/en-worldwide-newswire

An English NER dataset built from foreign newswire

Primary LanguagePython

The English Worldwide Newswire dataset, as introduced in Do "English" Named Entity Recognizers Work Well on Global Englishes? (EMNLP 2023) by Shan et. al. https://arxiv.org/abs/2404.13465

Alex Shan (azshan@cs.stanford.edu) is the correspondence author and maintainer of this repository.

This dataset is composed of ~1100 news articles from around the world, sourced from non-Western newswire. This dataset is specifically designed to exclude Western sourced texts and focuses on uncommon contexts of the English language. We encourage authors to benchmark their English NER models on this dataset to explore the efficacy of modern models on unseen contexts. Below is a detailed breakdown of article origins.

Overview of dataset

  • 1075 hand-annotated English newswire articles from local sources around the world (bucketed into Asia, Africa, Latin America, the Middle East, and Indigenous Commonwealth (Oceania + Canada)).
  • 700,000 tokens
  • Created in collaboration with Datasaur NLP (https://datasaur.ai) and MLTwist (https://mltwist.com)
  • 9 class labels: Date, Person, Location, Facility, Organization, Miscellaneous, Money, NORP, and Product. A more detailed overview of the definition for each class can be found in the appendix of the ArXiv paper.
  • BIOES format: We also tag each token with its class and position, denoting whether the token is the start, intermediate, or end of a named entity.

To process the dataset, check out StanfordNLP's Stanza library which contains the dataset preparation script: https://github.com/stanfordnlp/stanza/blob/main/stanza/utils/datasets/ner/prepare_ner_dataset.py

South America: 94
Argentina 20
Bolivia 3
Chile 12
Colombia 10
Ecuador 10
Guyana 3
Paraguay 13
Peru 10
Uruguay 5
Venezuela 8
Central and North America: 178
Costa Rica 20
Cuba 15
El Salvador 20
Honduras 14
Mexico 29
Nicaragua 20
Panama 20
Indigenous Canadian 40
Africa: 265
General 65
Pan-Africa 20
Algeria 20
Ghana 20
Kenya 23
Mauritius 20
Egypt 22
Ethiopia 9
Namibia 28
South Africa 38
Asia: 347
General 14
China 104
Japan 15
India 71
Korea 37
Taiwan 26
Malaysia 11
Bangladesh 31
Thailand 27
Mongolia 11
Middle East: 167
Oman 12
Jordan 21
Israel 20
Iran 16
UAE 17
Saudi Arabia 27
Pakistan 2
Qatar 16
Kuwait 36
Oceania: 48
Indigenous Australia 28
Indigenous New Zealand 20

Repo organization

Inside the original_articles directory, you can find the complete collection of our raw text data before the labeling process. In the procesed_annotated directory, you may find the complete collection of our annotations of the original data. Within the directory, you will find .tsv files containing BIOES-format labeled data. In the other directories, you may find the complete collection of our annotations and annotator metadata computed on the Datasaur platform. To access the labeled data, use the REVIEW subdirectory of each folder. Each line delimits a separate token that is tab-delimited between its text and corresponding label. The file names come in the form of <country>_<newswire_company>_<id>.txt.tsv. To understand where these countries are within the geographic buckets, refer to the /regions.txt file for each prefix conversion.
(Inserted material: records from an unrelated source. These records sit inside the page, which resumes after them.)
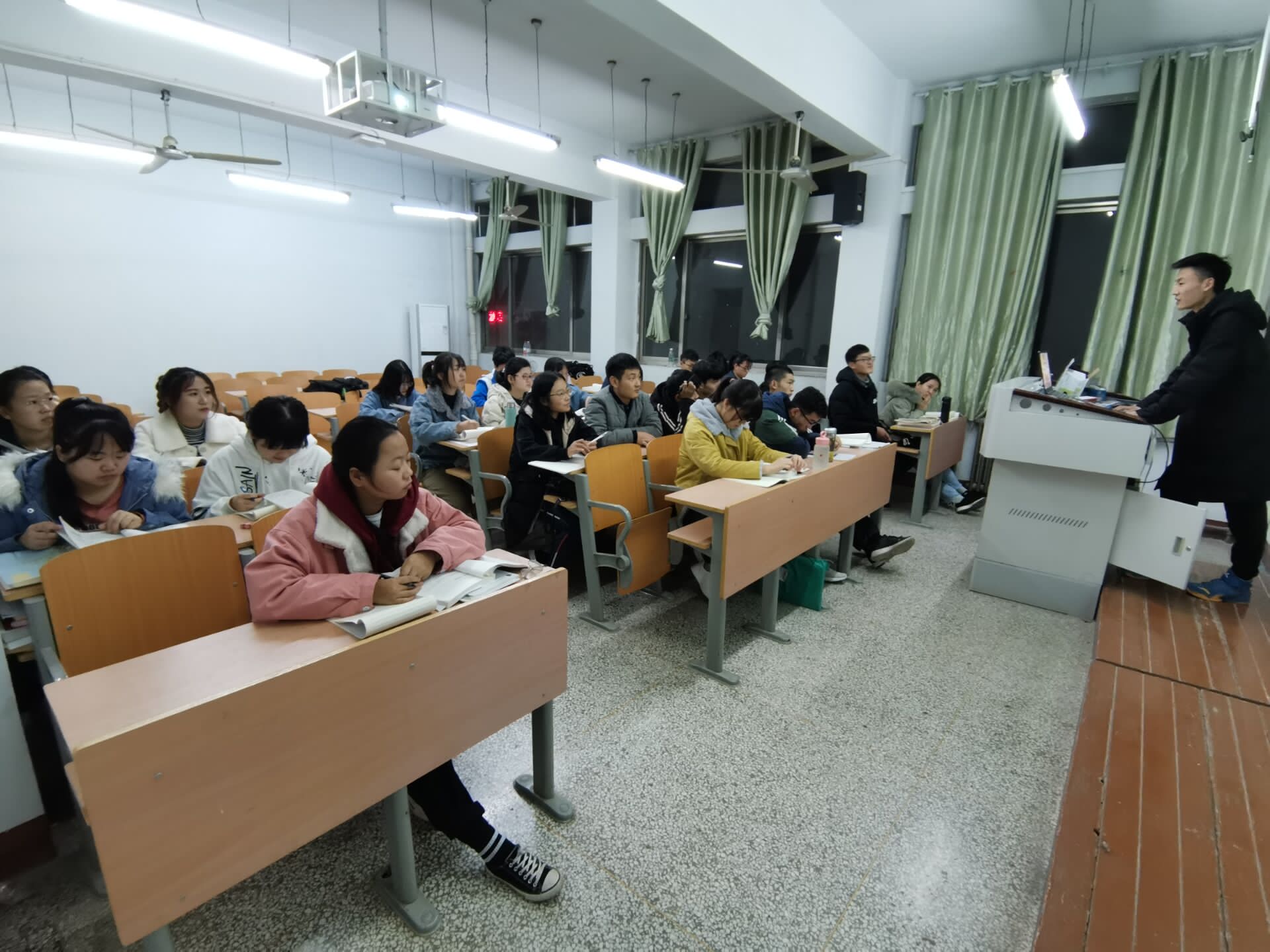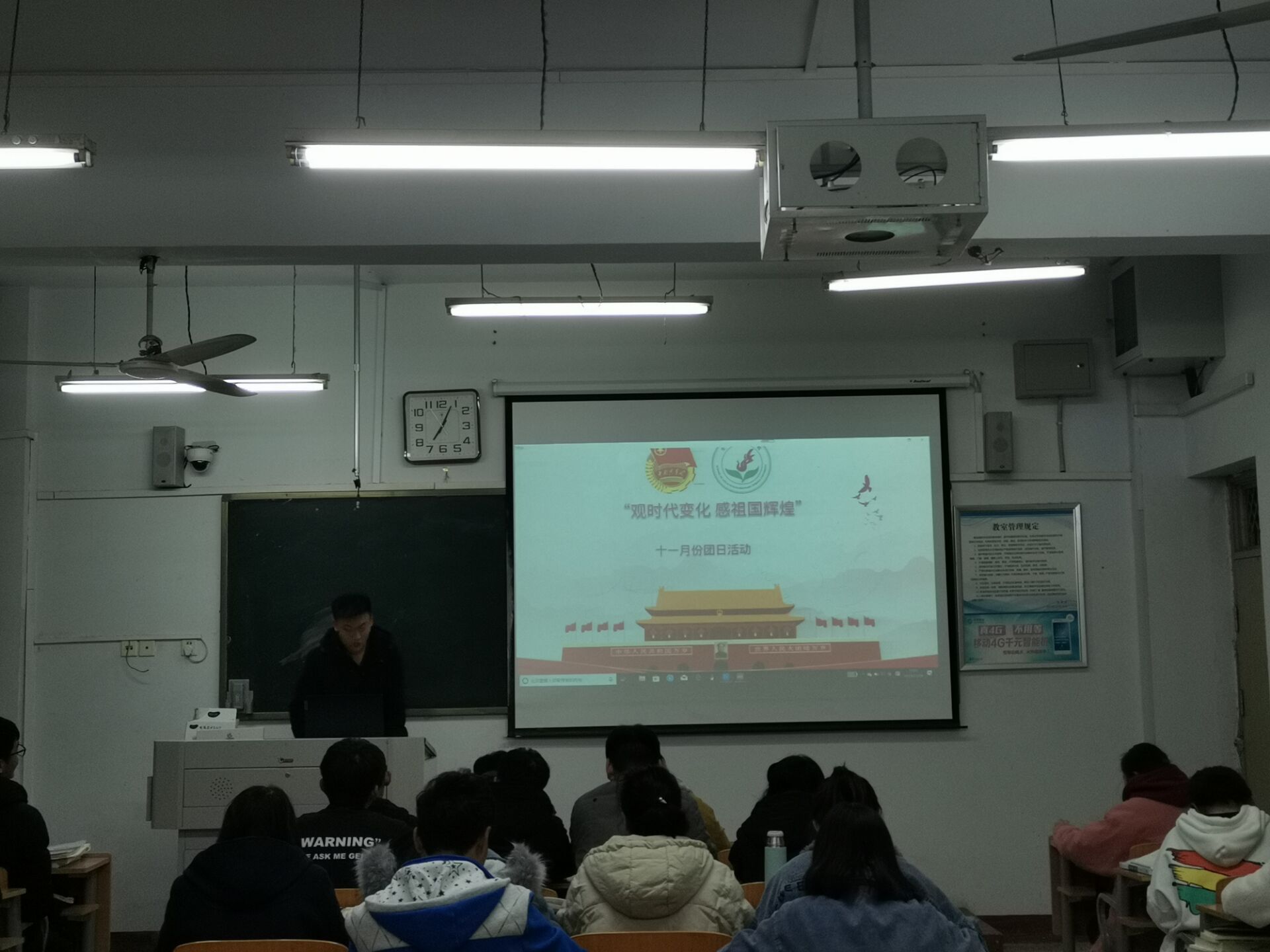 本次活动由团支书刘伟伟同学担任主持。首先,刘伟伟同学向大家讲述了解放初期贫困的中国,过去与现在形成鲜明的对比,让学生们感到了祖国时代的变化与现在的辉煌成就,增强了学生们的民族自豪感。紧接着,刘伟伟同学进行了抽查提问,通过提问同学们如今中国在世界上有哪些辉煌成就,使同学们更加认识和了解现在的中国,感受中华民族对世界的重大贡献,萌发民族自信心,同时也让学生们认识了那些为了祖国繁荣而默默付出的幕后工作者。因为他们的努力,才造就了现在祖国的繁荣。最后,团支书希望每位学生能写一篇关于本次团日活动的心得,浅谈自己的收获与体会。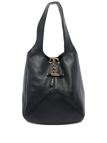 black calf leather two top handles toggle closure chain detail Chloé Balloon small leather hobo bag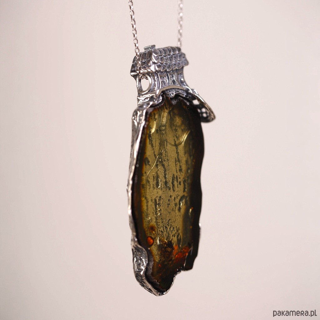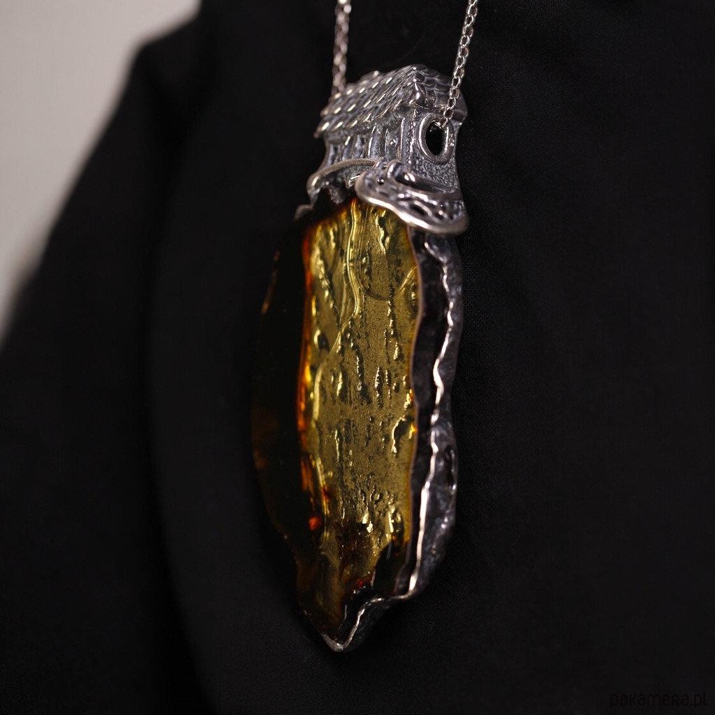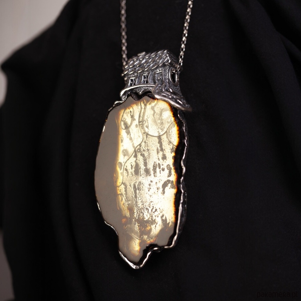 Wisiorek z motywem domku osadzonego na bursztynowym plastrze, który subtelnie mieni się złotymi refleksami. Surowa krawędź bursztynu ładnie kontrastuje z dopracowanym srebrem, tworząc prostą, ale bardzo charakterystyczną kompozycję. To dodatek, który od razu przyciąga wzrok, a jednocześnie pozostaje wygodny w codziennym noszeniu.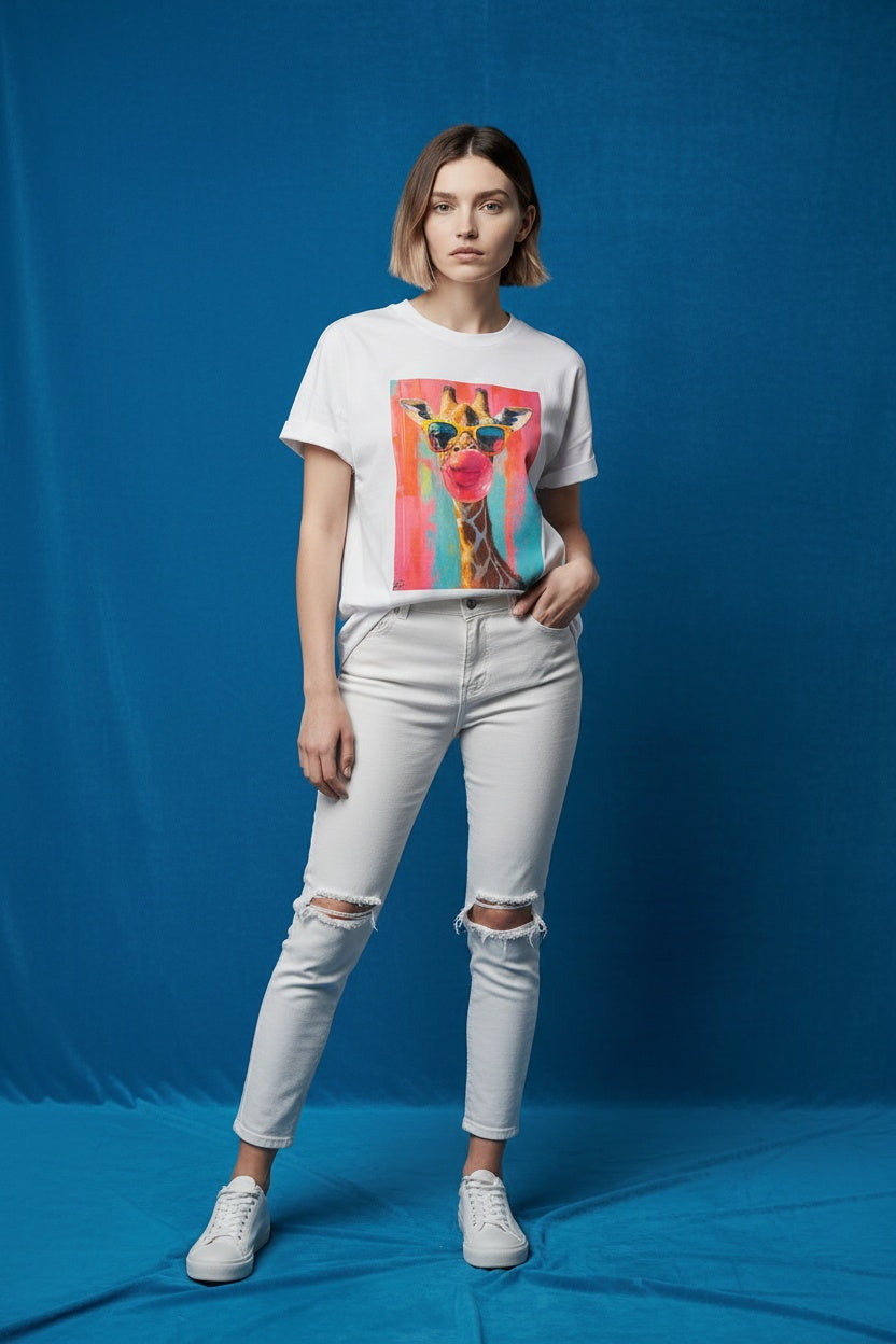 Camiseta en tejido de algodón. Selligrafía delantera. Efecto desgastado.Este modelo está disponible en talla única, en este caso es apto hasta una 42.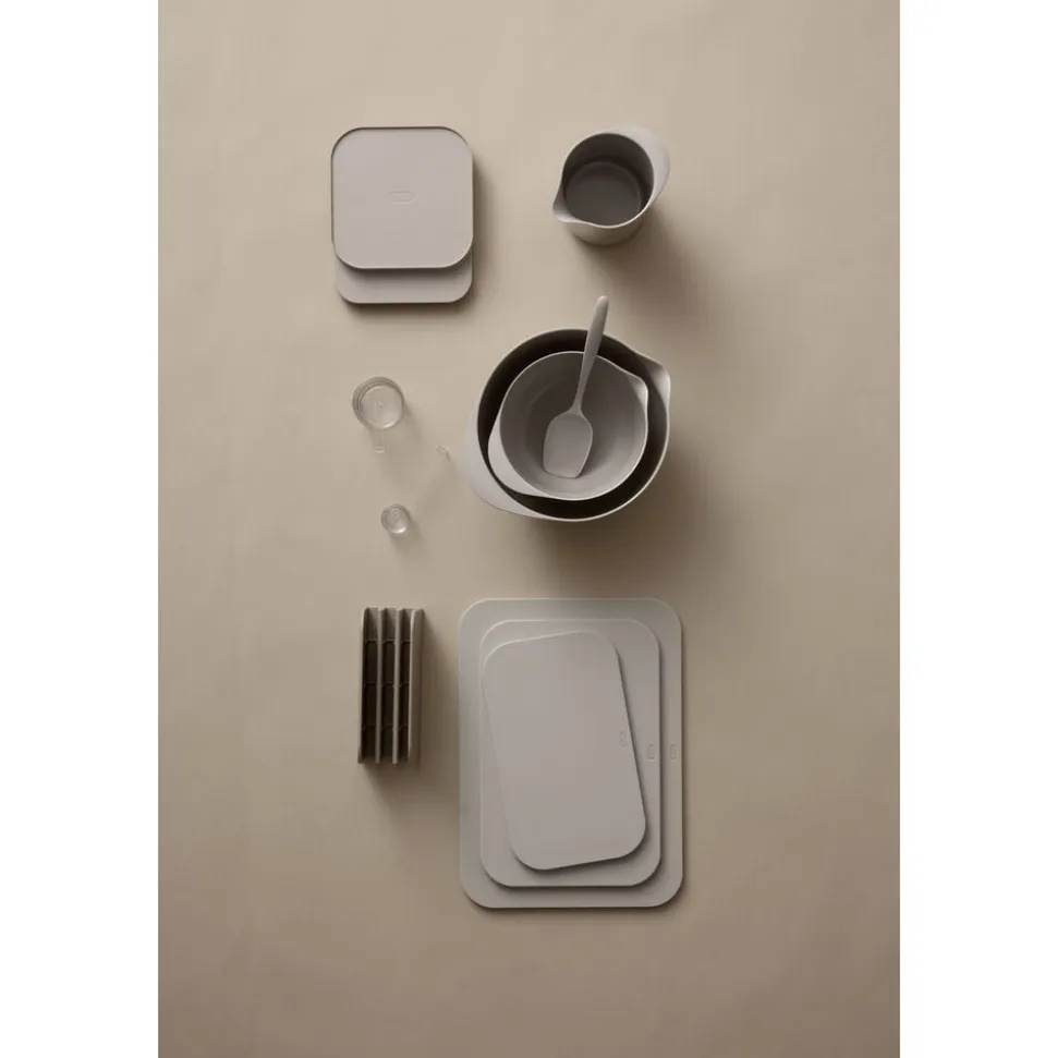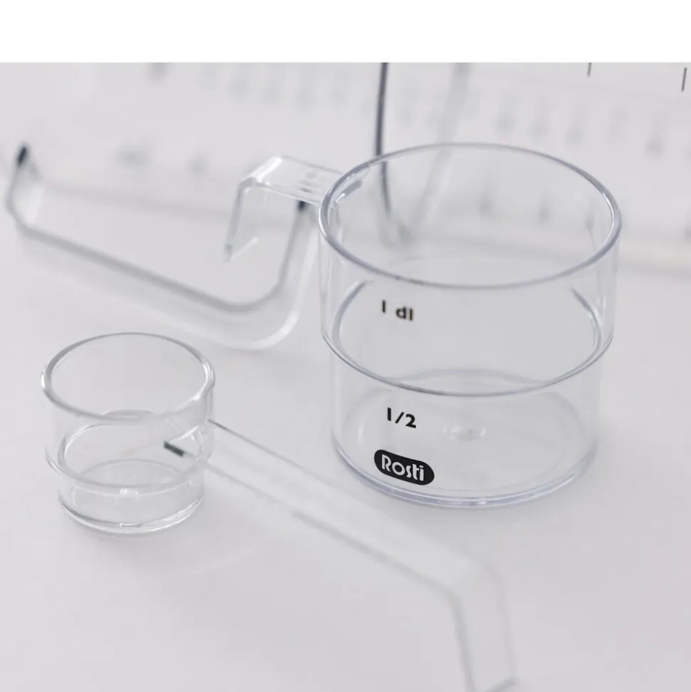 Mensura betyder ’at måle’ på latin, og formålet med Mensura-serien er netop at måle hurtigt og præcist. Det flotte design hjælper dig godt på vej, idet alle produkter er udformet med en markering midtpå, der opdeler i en halv/en hel liter på målekanden, en halv/en hel deciliter på målebægeret og teske/spiseske på måleskeen. Udformningen gør samtidig produkterne lette at stable.

If you use this dataset, please use the following citation:

@inproceedings{Shan_2023,
   title={Do “English” Named Entity Recognizers Work Well on Global Englishes?},
   url={http://dx.doi.org/10.18653/v1/2023.findings-emnlp.788},
   DOI={10.18653/v1/2023.findings-emnlp.788},
   booktitle={Findings of the Association for Computational Linguistics: EMNLP 2023},
   publisher={Association for Computational Linguistics},
   author={Shan, Alexander and Bauer, John and Carlson, Riley and Manning, Christopher},
   year={2023} }